*the* smart question

[Bozos of Bones]

OK, let me see...

CASE 1
I have three boxes, one of them has a coin in it. Let's say box B has a coin in it. I take box A, and say it's mine. I open up box C, which comes out empty. So it's down to boxes A and B now. I open up my box, comes out empty.

CASE 2
The coin is now in box A. I choose box A for my box, and I open box B which comes out empty. I remain with box A, open it, and find the coin in it. Box C is then empty.

CASE 3
The coin is in box C. I choose box A for my own, and open box C. I find the coin inside, which makes boxes A and B empty.

CASE 4
Let's say I choose box A, which has the coin, and that box B is the opened one.
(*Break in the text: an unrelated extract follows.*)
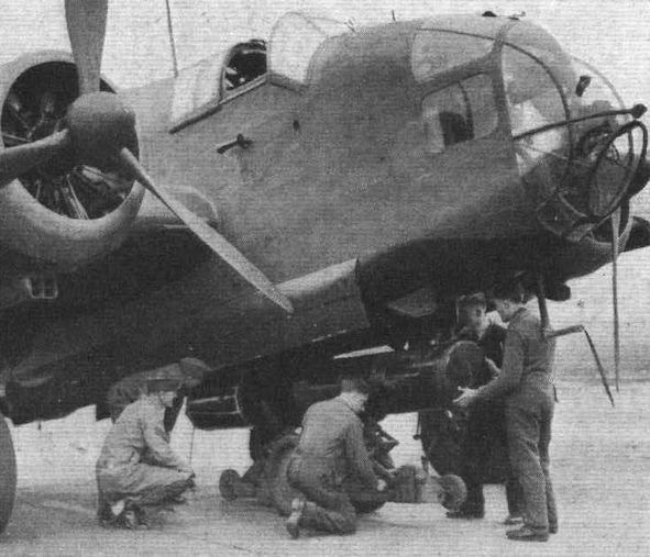 The original caption to this posed 1940 picture reads, “The navigator/bomb aimer makes an observation through the transparent nose of a Hampden”. Stirring stuff. However, the aircraft’s unusually narrow fuselage did provide better visibility for pilot and crew than in most other bombers.
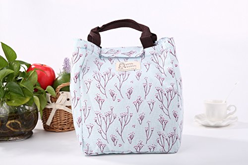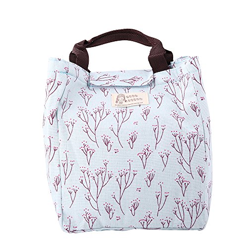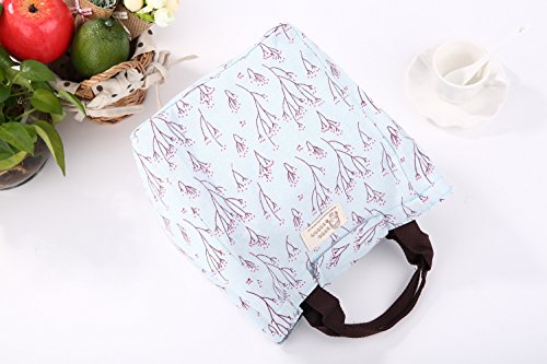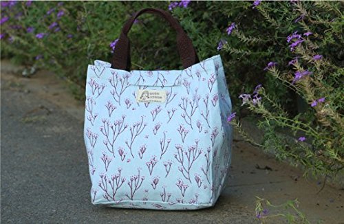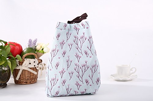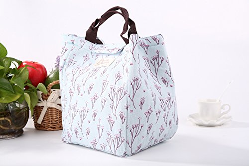 Dxg Canvas Lunch Bags, Insulated Lunch Bag Lunch Box Cooler Carry Bag for Travel and Picnic (Blue branch)

I switch, and find no coin in my box.

CASE 5
Now I choose to switch again, only now in my possesion there is an empty box A and an opened and empty box C on the side. I take box B, open it and find the coin.

When there are three chances, and one of them is proven taken, the other two chances are recalculated without regard to the third chance, unless the third option was the right one, in which case no recalculation takes place. Nothing fixes the 1:3 odds to the box you choose, it is recalculated with the rest, and you made the mistake of adding the chance of the third box to the second box, rather than distributing it evenly.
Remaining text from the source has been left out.